*DATASET EXCERPT*.
↓↓↓

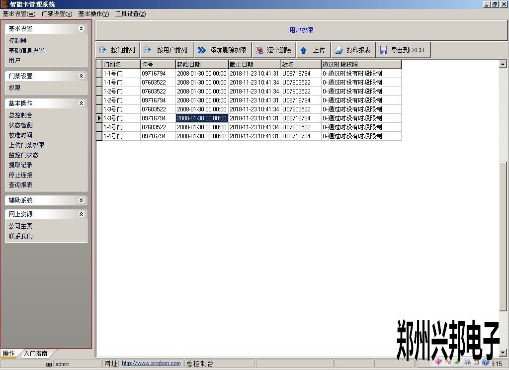 允許已選用戶通過已選定門:把選擇的用戶的開門權(quán)限加到數(shù)據(jù)庫中。可以再通過上傳功能進(jìn)行上傳到控制器中。
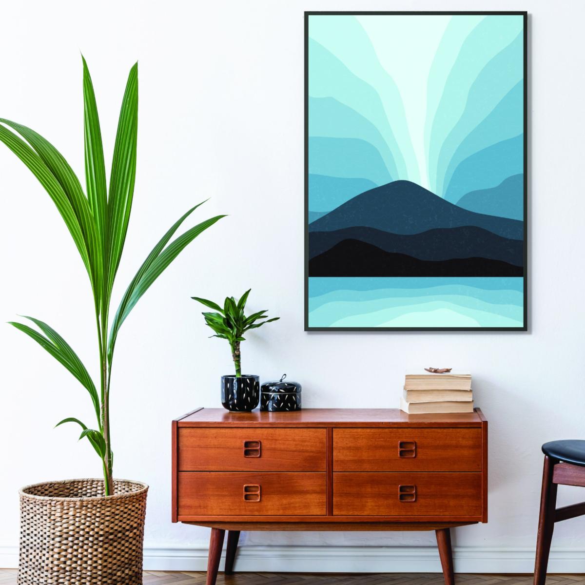 I love this big blue mountain print because of its bold yet calming colour palette, making it a versatile addition to many contemporary interiors. It works particularly well in modern living spaces or bedrooms where a statement piece is needed without overwhelming the room. For styling, consider pairing it with neutral-toned furnishings to let the artwork stand out, or add a splash of the same blue shades in cushions or accessories to create a cohesive look. For practical tips, hang it at eye level above a sofa or bed, and keep surrounding decor minimal to highlight the artwork’s striking design. Its large size makes it a focal point, so it’s perfect for creating a serene and sophisticated atmosphere.
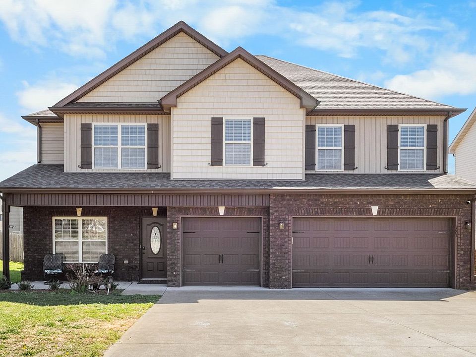 This beautiful open concept contemporary 4 bedroom 3 bath home is located just minutes away from the West Creek school complex and Fort Campbell. Located on a level lot with a privacy fenced backyard, you will also be just minutes away from the interstate. The large kitchen features a breakfast bar, stainless steel appliances, granite counters, and tile floors. The spacious living room features a fireplace and hardwood flooring. Guest bedroom or office with a full bath on the main level. Primary bedroom upstairs features tray ceilings, an attached full bath with a jetted tub, and a walk-in closet. Plus 2 additional bedrooms upstairs with large closets and a large bonus room over the 3 car garage. Covered back deck and a covered front patio! Pets allowed with $300 pet fee per pet. No more than 2 pets, no vicious breeds or puppies under 12 months old.

↑↑↑

*EXERCISE BRIEF*. Pictures are not part of the copy. Restate everything else in the listing word for word.

*ANSWER SECTION*.
 允許已選用戶通過已選定門:把選擇的用戶的開門權(quán)限加到數(shù)據(jù)庫中。可以再通過上傳功能進(jìn)行上傳到控制器中。
 I love this big blue mountain print because of its bold yet calming colour palette, making it a versatile addition to many contemporary interiors. It works particularly well in modern living spaces or bedrooms where a statement piece is needed without overwhelming the room. For styling, consider pairing it with neutral-toned furnishings to let the artwork stand out, or add a splash of the same blue shades in cushions or accessories to create a cohesive look. For practical tips, hang it at eye level above a sofa or bed, and keep surrounding decor minimal to highlight the artwork’s striking design. Its large size makes it a focal point, so it’s perfect for creating a serene and sophisticated atmosphere.
 This beautiful open concept contemporary 4 bedroom 3 bath home is located just minutes away from the West Creek school complex and Fort Campbell. Located on a level lot with a privacy fenced backyard, you will also be just minutes away from the interstate. The large kitchen features a breakfast bar, stainless steel appliances, granite counters, and tile floors. The spacious living room features a fireplace and hardwood flooring. Guest bedroom or office with a full bath on the main level. Primary bedroom upstairs features tray ceilings, an attached full bath with a jetted tub, and a walk-in closet. Plus 2 additional bedrooms upstairs with large closets and a large bonus room over the 3 car garage. Covered back deck and a covered front patio! Pets allowed with $300 pet fee per pet. No more than 2 pets, no vicious breeds or puppies under 12 months old.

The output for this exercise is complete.